Fresh deal: Socceroos ink record-breaking sponsorship deal

The Socceroos’ long search for a naming rights sponsor is over, thanks to a record-breaking three-year deal with fast-food giant Subway which continues Football Australia’s rapid post-pandemic financial recovery.

Australia’s senior men’s team has not had a major corporate backer since their previous contract with Caltex expired at the end of 2019 – and that arrangement came after a nearly four-year stint without one, stretching back to 2013 when Qantas ended its decade-long stint as naming rights sponsor.

But Subway has come to the party just in time for the Socceroos’ fifth consecutive World Cup campaign – and their centenary celebrations on Thursday night in Brisbane when Graham Arnold’s side will face New Zealand, Australia’s opponents in their first ‘A’ international fixture 100 years ago. The team will now be known as the ‘Subway Socceroos’.

According to industry sources, the sponsorship is worth just under $12 million in total, making it the largest ever national-team deal in Australian football history, even outstripping the Matildas’ lucrative contract with CommBank signed last year.

Subway will also hold naming rights to Australia’s junior male national teams, including the Olyroos, Young Socceroos and Joeys.

“Subway joins us at a time of unprecedented interest and growth in Australian football,” said FA chief executive James Johnson, who recently extended his tenure with the federation until the end of 2024.

Connor Metcalfe, Nathaniel Atkinson, Riley McGree and Cameron Devlin celebrate the Socceroos’ new sponsorship deal with Subway.Credit:Football Australia

“The team at Football Australia has worked tirelessly to strategically position our iconic national teams in an increasingly competitive market and this record-breaking partnership, which follows a series of other commercial announcements over the past two years, demonstrates how deeply the Subway Socceroos and CommBank Matildas resonate with the Australian public.”

A few weeks into his tenure as David Gallop’s successor at FA, Johnson had to lay off 70 per cent of the federation’s workforce due to the severe impact of COVID-19, setting back plays to replace an exodus of sponsors that severed ties with the sport following Steven Lowy’s deposition as chairman.

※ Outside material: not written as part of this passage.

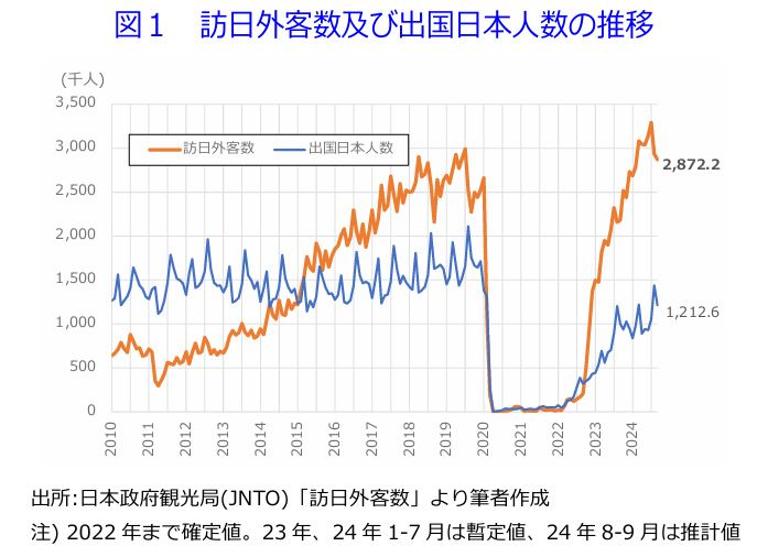 ▶JNTO訪日外客統計によれば(図1及び表4)、9月の訪日外客総数(推計値)は287万2,200人となり、同月の過去最高値を更新した(前年同月比+31.5%)。また、出国日本人数は121万2,600人となり、3カ月連続で100万人超の水準となった(同+20.7%)。ただし、19年同月比でみれば-30.8%と、依然コロナ禍前の水準を下回っている。結果、7-9月期の訪日外客数は909万7,802人となり(前年同期比+36.6%)、2四半期連続で900万人超の水準となった(4-6月期:922万3,939人)。また、出国日本人数は369万8,550人であった(同+19.4%)。夏季休暇による海外旅行需要増加の影響もあり、2四半期ぶりに300万人超の水準となった(4-6月期:276万704人)。

Since then, FA has tied up naming rights deals for Australia’s men’s and women’s national teams, secured a new broadcast partner in Network 10, and returned participation numbers to pre-pandemic levels, as well as signing up a host of new sponsors, including Spanish automotive brand Cupra.

The organisation is now on track to increase FA’s revenues for the 2023 financial year to $100 million, in comparison to the approximately $85 million it banked per annum prior to COVID and the unbundling of the A-Leagues, which have since been spun off into a separate commercial entity controlled by the clubs.

The extra money in FA’s coffers has enabled the on-pitch return of all senior and junior national teams, many of which have been dormant over the last two years due to travel restrictions. It also shores up FA’s financial position as it looks to create a new national second division for men, which is on track to launch in 2024.